Eight Signs Your Network Should be Optimized

It’s true: A network optimization study can be time consuming and involved. It can also result in fundamental changes to your supply chain. And if you are in a multichannel environment, network optimization might be even more critical to your future competitive viability.

So is it worth undertaking the effort? If you can identify with some (or all) of the following factors affecting your business today, then yes, network optimization is for you.

1. Rising distribution costs
Energy costs are on the rise, be they fuel cost spikes affecting transportation costs, or the electricity required to operate, heat, and cool distribution centers. Labor is costly, with overtime and additional shifts adding expense. Shipping costs also continue to escalate, with more expensive expedited deliveries growing in demand. Finally, with the rise of e-commerce, more companies are struggling with a dramatic spike in reverse logistics and subsequent reshipping, all detractors from the bottom line.

Outbound freight is of special interest to multichannel merchants with the wide spread use of dimensional weight charges by carriers. With dim-weight, merchants wind up paying for occupying too much space on a truck for a “lightweight” shipment.

Many invoices are showing up with recalculated higher shipping charges when the cartons are dynamically scanned for dimensions as they go over a scale in the carrier’s facility. There are a number of ways to reduce these surcharges, but two are factors driven by location selection: travel distance to zones and zone skipping strategies.

Finally, by engaging in a network optimization study you are sending a subtle but succinct message to your current parcel carriers that you are serious about making changes. This is an often-overlooked by-product and can lead to more aggressive pricing arrangements.

2. Outsourced manufacturing and distribution
While moving manufacturing overseas may cut costs, it also adds miles to a supply chain, requiring additional lead-time and inventory expansion to accommodate lulls and delays at customs. For some companies, it could also mean adding coastal vicinity DCs to the domestic supply chain infrastructure in order to more quickly bring inventory under control.

Meanwhile, many companies’ existing distribution networks weren’t designed to integrate with foreign-based manufacturing operations, and can’t efficiently handle the crunch. Third-party logistics providers (3PLs) may play a role in the network as well, but may not be leveraged appropriately.

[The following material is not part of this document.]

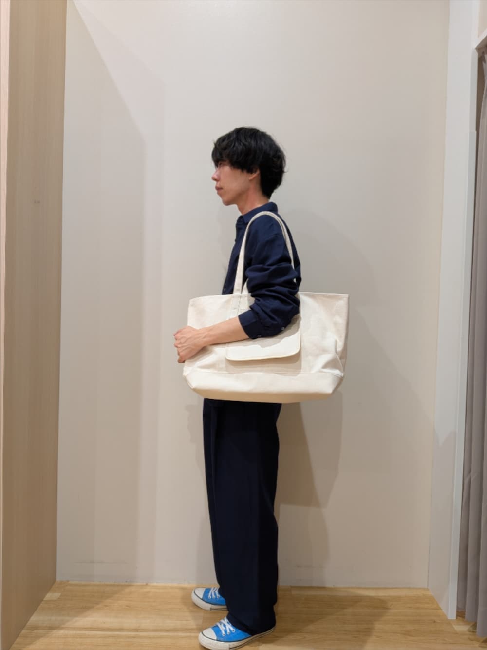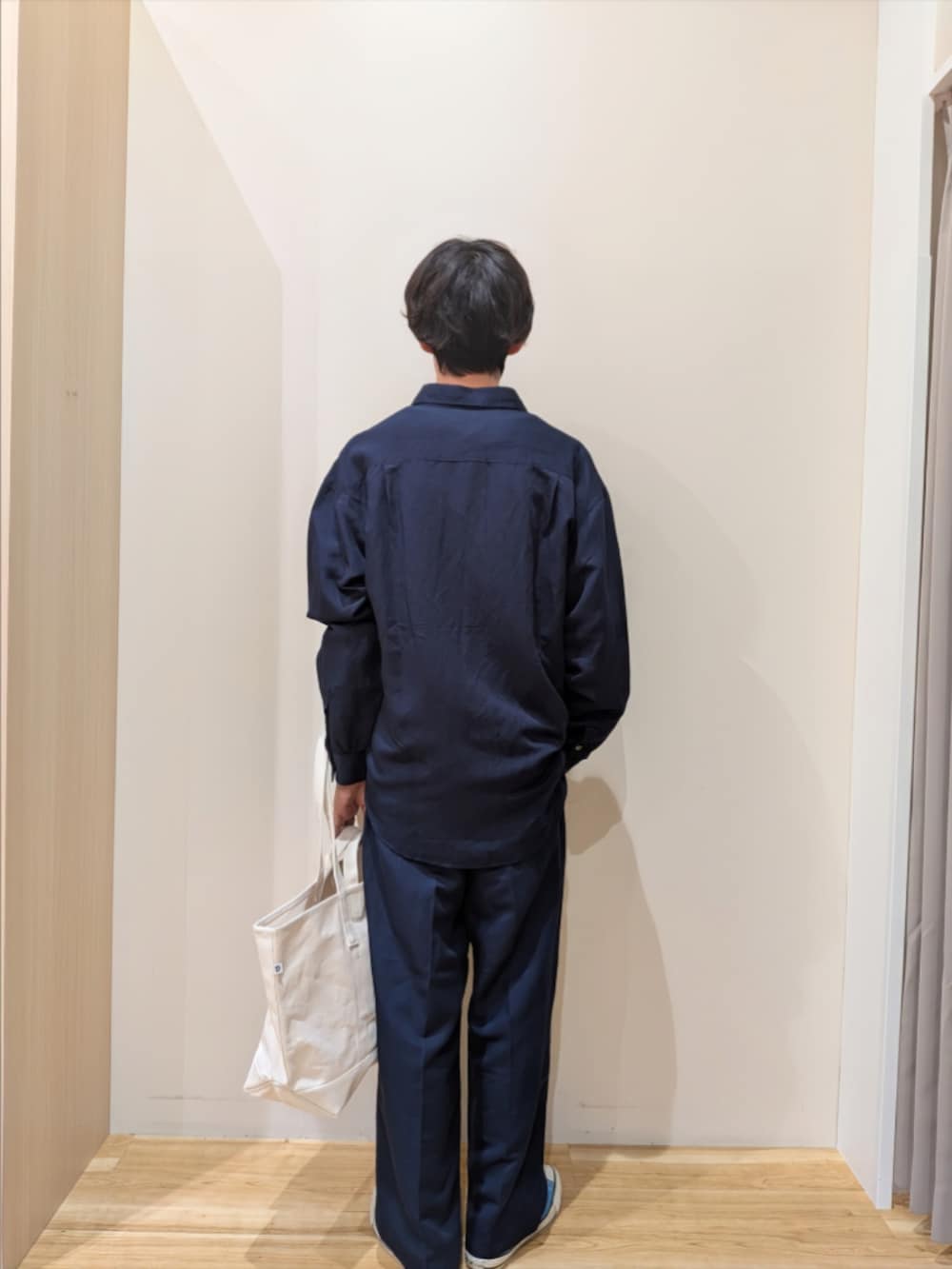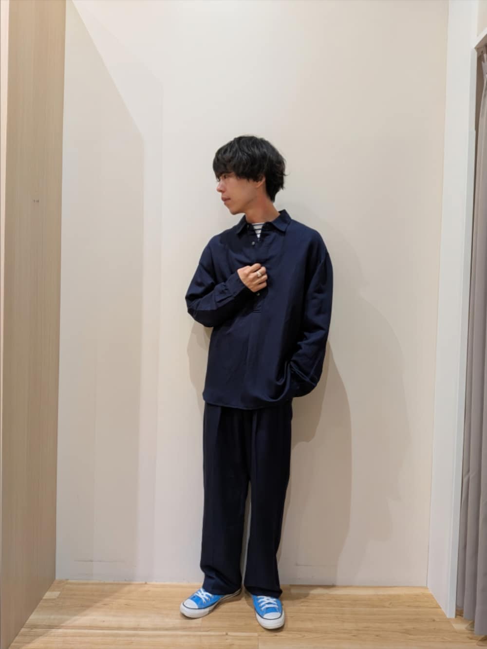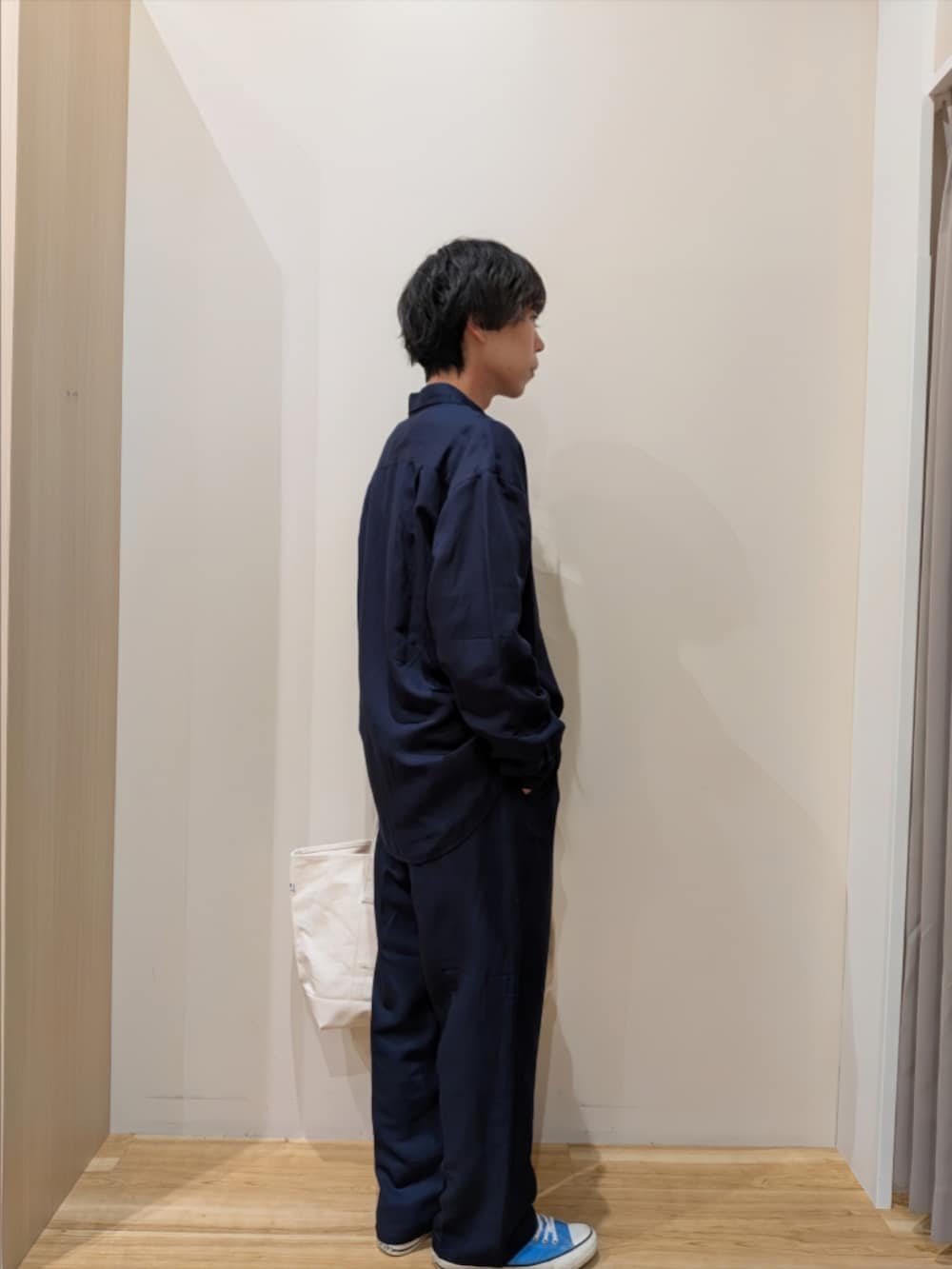 シャツとカットソーはMサイズ、パンツはLサイズを着用しております。

3. Service as a key selling point
Faster, better, cheaper deliveries—this is a market leader’s mantra. To stand out from their competition, companies feel compelled to offer stellar service at rock-bottom pricing, but can’t necessarily deliver with their current supply chain setup.
The reality of e-commerce marketing is that many customers expect same-day shipping, and to compound your internal cost challenges, free shipping (or heavily subsidized) is rapidly becoming the expected norm. Shipping times have become a major driver of sales so maximizing your one- and two-day service level coverage is essential; network optimization will lead to solutions that achieve this goal.

4. Leveraging current technology
Many multichannel merchants recognize that their original or current handling practices were designed for manual, less automated processes, and could benefit from an upgrade. Nonetheless, they may be reluctant to invest capital in the latest technologies and equipment without hard data to justify long-term use. Nobody wants to install an expensive warehouse management system (WMS) or automation system in a DC that’s later determined to be redundant and subsequently closed. Network optimization should therefore precede these initiatives.

5. Mergers and acquisitions
Has your company bought out a competitor or merged with a complimentary business? Are there plans to do so? While mergers and acquisitions are a quick way to gain market share, they’re also messy—yielding more DCs that likely run on different technologies in the same general geographic regions, servicing the same customer base.

This kind of growth also means more SKUs, more workers, more suppliers, and more customers to contend with than ever before. A network optimization should be done before you make investments in modifying administrative relationships, call center strategies, transportation contract negotiations, or investing in changes to have business units on a common ERP or WMS platform.

6. Change in demand
Change happens. Whether it’s growth in the form of new markets, clients, and products—or reductions due to closing markets, lost customers, and retired products—a change in customer demand equates to added pressure on the supply chain.

In the multichannel environment, these changes are compounded in complexity, since they may affect one business segment but not another. A network optimization broken out by channels might suggest disparate facilities for differing channels.

7. Struggles with ongoing costs
Are accumulating daily costs undermining your profits? Federal, state, or local taxes, charge backs for late or non-compliant order fulfillment, and offsite inventory storage can all severely impact the bottom line. A thorough network optimization can identify the best alternate locations to reduce a variety of costs, plus some locations offer aggressive abatements and investment credits that are not generally available at a current site.

8. Potential natural disasters and security regulations

A hurricane, tornado, earthquake, fire, or other natural (or unnatural) disaster could wipe out one of your DCs. If that happened, could your other DCs’ inventories and personnel handle the need for reserve emergency stock? And are your warehouses and inventory in compliance with the increased number of government mandated environmental/security measures as applicable per region?


Charlie Rizzo is director of client services improvement for Cincinnati-based Forte Industries (www.forte-industries.com), a supply chain consulting engineering firm specializing in distribution best practices and technology integration.